** Opening MATERIAL FOR THIS EXERCISE block **
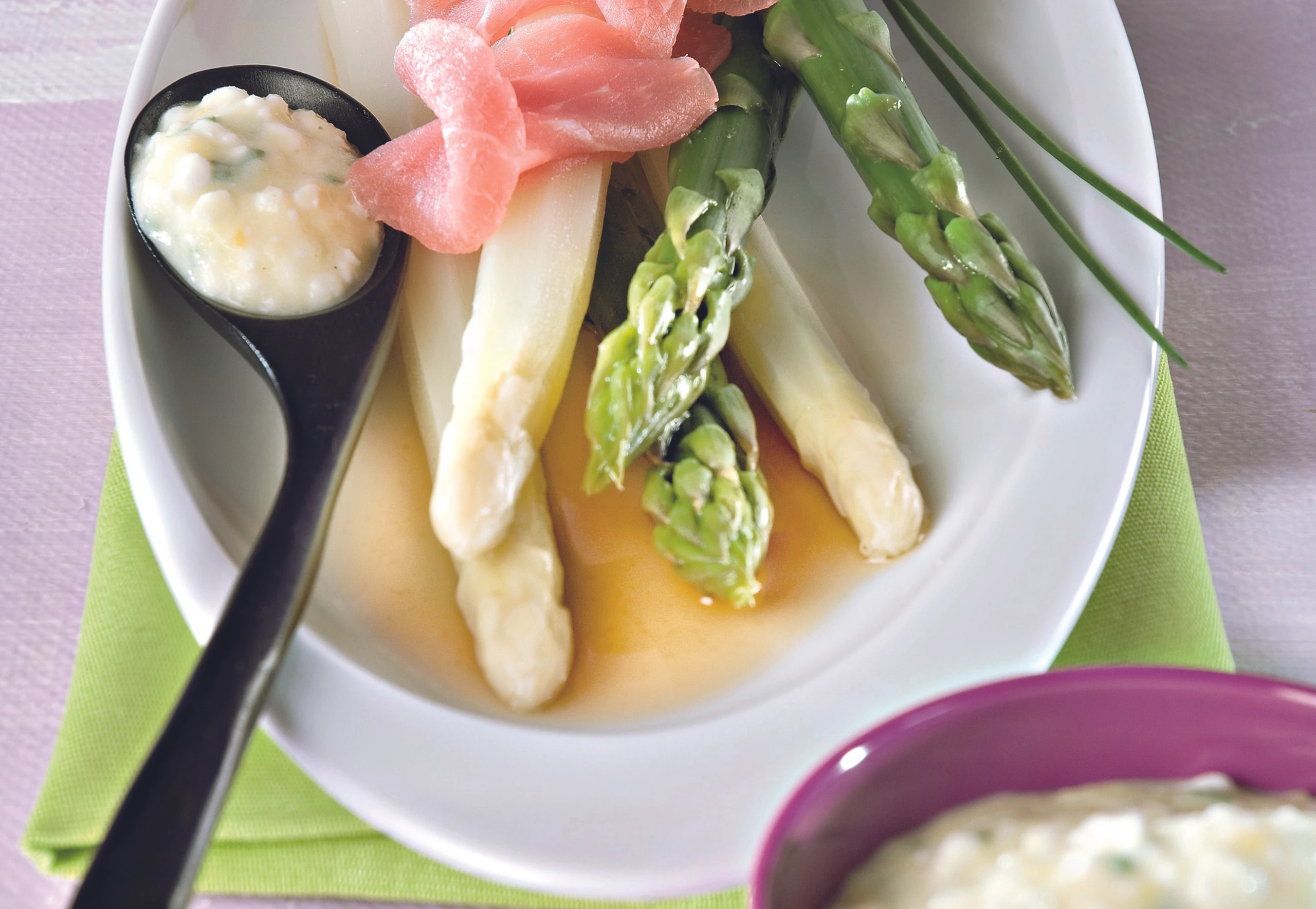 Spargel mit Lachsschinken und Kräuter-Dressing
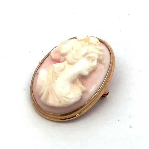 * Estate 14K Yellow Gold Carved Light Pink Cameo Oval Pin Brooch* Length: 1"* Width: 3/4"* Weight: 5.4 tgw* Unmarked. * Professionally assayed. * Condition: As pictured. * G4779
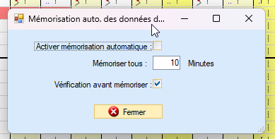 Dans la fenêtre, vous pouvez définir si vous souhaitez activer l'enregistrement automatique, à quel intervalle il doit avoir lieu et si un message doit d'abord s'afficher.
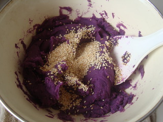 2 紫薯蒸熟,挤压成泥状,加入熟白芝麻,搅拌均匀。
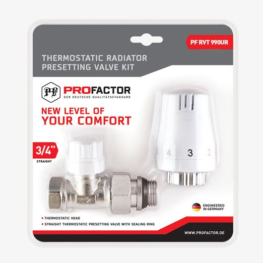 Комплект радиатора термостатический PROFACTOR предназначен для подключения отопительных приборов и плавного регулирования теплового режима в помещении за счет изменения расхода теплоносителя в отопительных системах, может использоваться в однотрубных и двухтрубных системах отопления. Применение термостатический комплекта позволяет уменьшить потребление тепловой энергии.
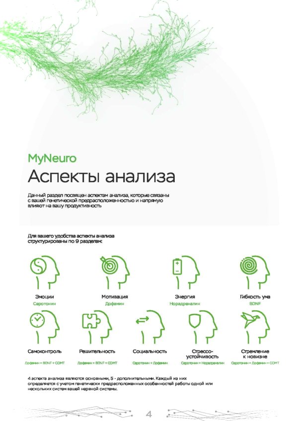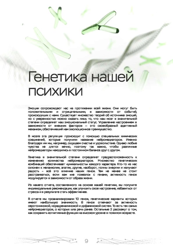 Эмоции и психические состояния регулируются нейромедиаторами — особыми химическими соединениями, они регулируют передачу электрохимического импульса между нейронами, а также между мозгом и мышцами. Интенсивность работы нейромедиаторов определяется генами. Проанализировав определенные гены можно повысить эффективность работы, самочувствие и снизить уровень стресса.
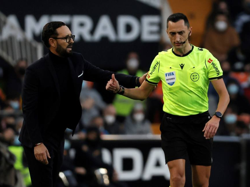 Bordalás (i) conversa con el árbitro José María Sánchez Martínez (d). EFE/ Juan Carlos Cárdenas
** Closing MATERIAL FOR THIS EXERCISE block **
Write out exactly the opening lines of the data, stopping after the line that holds "2 紫薯蒸熟,挤压成泥状,加入熟白芝麻,搅拌均匀。". Exclude pictures.

 Spargel mit Lachsschinken und Kräuter-Dressing
 * Estate 14K Yellow Gold Carved Light Pink Cameo Oval Pin Brooch* Length: 1"* Width: 3/4"* Weight: 5.4 tgw* Unmarked. * Professionally assayed. * Condition: As pictured. * G4779
 Dans la fenêtre, vous pouvez définir si vous souhaitez activer l'enregistrement automatique, à quel intervalle il doit avoir lieu et si un message doit d'abord s'afficher.
 2 紫薯蒸熟,挤压成泥状,加入熟白芝麻,搅拌均匀。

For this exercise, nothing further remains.